DATASET EXCERPT
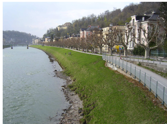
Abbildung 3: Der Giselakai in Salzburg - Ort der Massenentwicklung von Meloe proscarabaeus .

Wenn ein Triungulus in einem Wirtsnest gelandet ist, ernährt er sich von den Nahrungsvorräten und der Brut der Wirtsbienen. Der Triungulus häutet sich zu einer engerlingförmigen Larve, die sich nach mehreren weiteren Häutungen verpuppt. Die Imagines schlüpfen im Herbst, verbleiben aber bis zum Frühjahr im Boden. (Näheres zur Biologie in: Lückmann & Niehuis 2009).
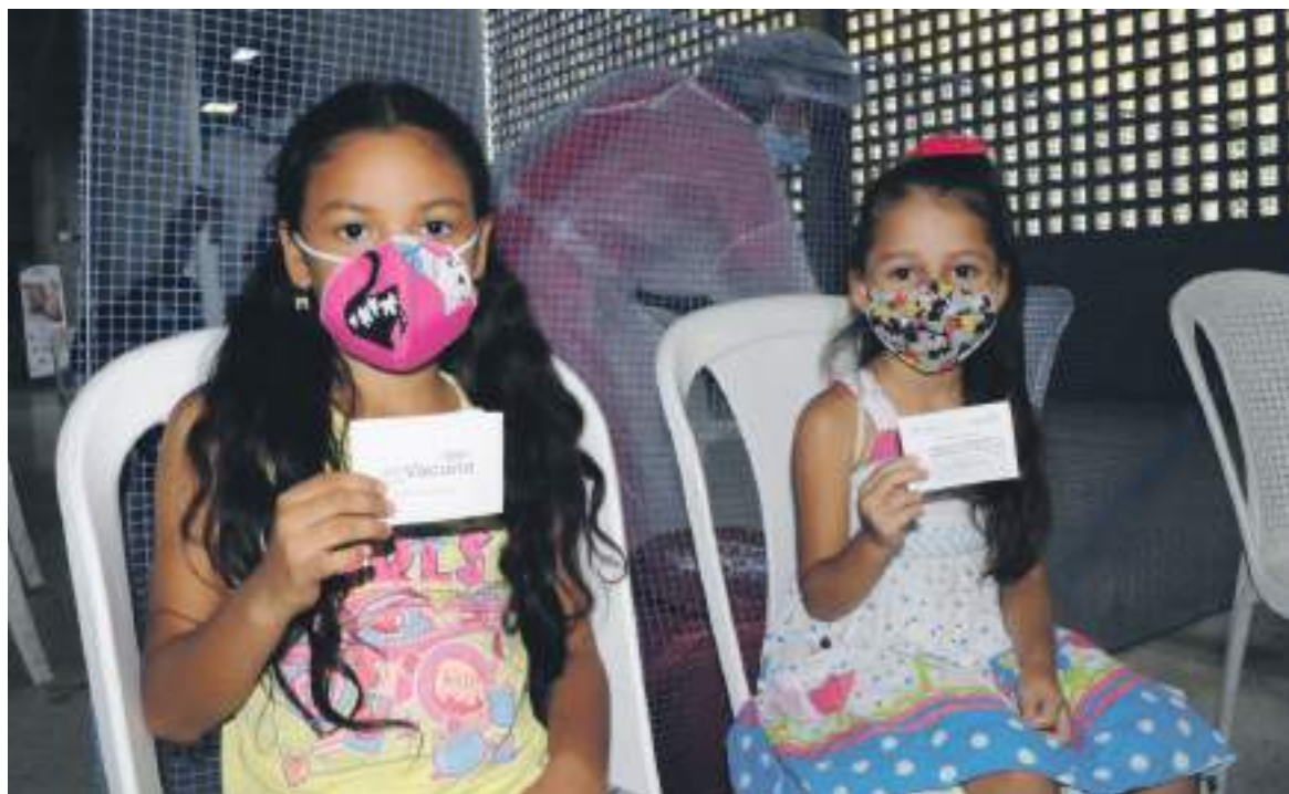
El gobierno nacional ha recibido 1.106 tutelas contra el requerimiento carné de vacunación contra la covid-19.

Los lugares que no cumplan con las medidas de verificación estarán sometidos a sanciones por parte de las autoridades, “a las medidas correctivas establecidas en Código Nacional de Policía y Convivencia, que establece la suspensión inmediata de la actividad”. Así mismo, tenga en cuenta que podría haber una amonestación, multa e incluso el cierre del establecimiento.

TASK PROMPT
Could you repeat all of the material exactly? Pictures should not be copied.

RESPONSE TO THE EXERCISE
Abbildung 3: Der Giselakai in Salzburg - Ort der Massenentwicklung von Meloe proscarabaeus .

Wenn ein Triungulus in einem Wirtsnest gelandet ist, ernährt er sich von den Nahrungsvorräten und der Brut der Wirtsbienen. Der Triungulus häutet sich zu einer engerlingförmigen Larve, die sich nach mehreren weiteren Häutungen verpuppt. Die Imagines schlüpfen im Herbst, verbleiben aber bis zum Frühjahr im Boden. (Näheres zur Biologie in: Lückmann & Niehuis 2009).
El gobierno nacional ha recibido 1.106 tutelas contra el requerimiento carné de vacunación contra la covid-19.

Los lugares que no cumplan con las medidas de verificación estarán sometidos a sanciones por parte de las autoridades, “a las medidas correctivas establecidas en Código Nacional de Policía y Convivencia, que establece la suspensión inmediata de la actividad”. Así mismo, tenga en cuenta que podría haber una amonestación, multa e incluso el cierre del establecimiento.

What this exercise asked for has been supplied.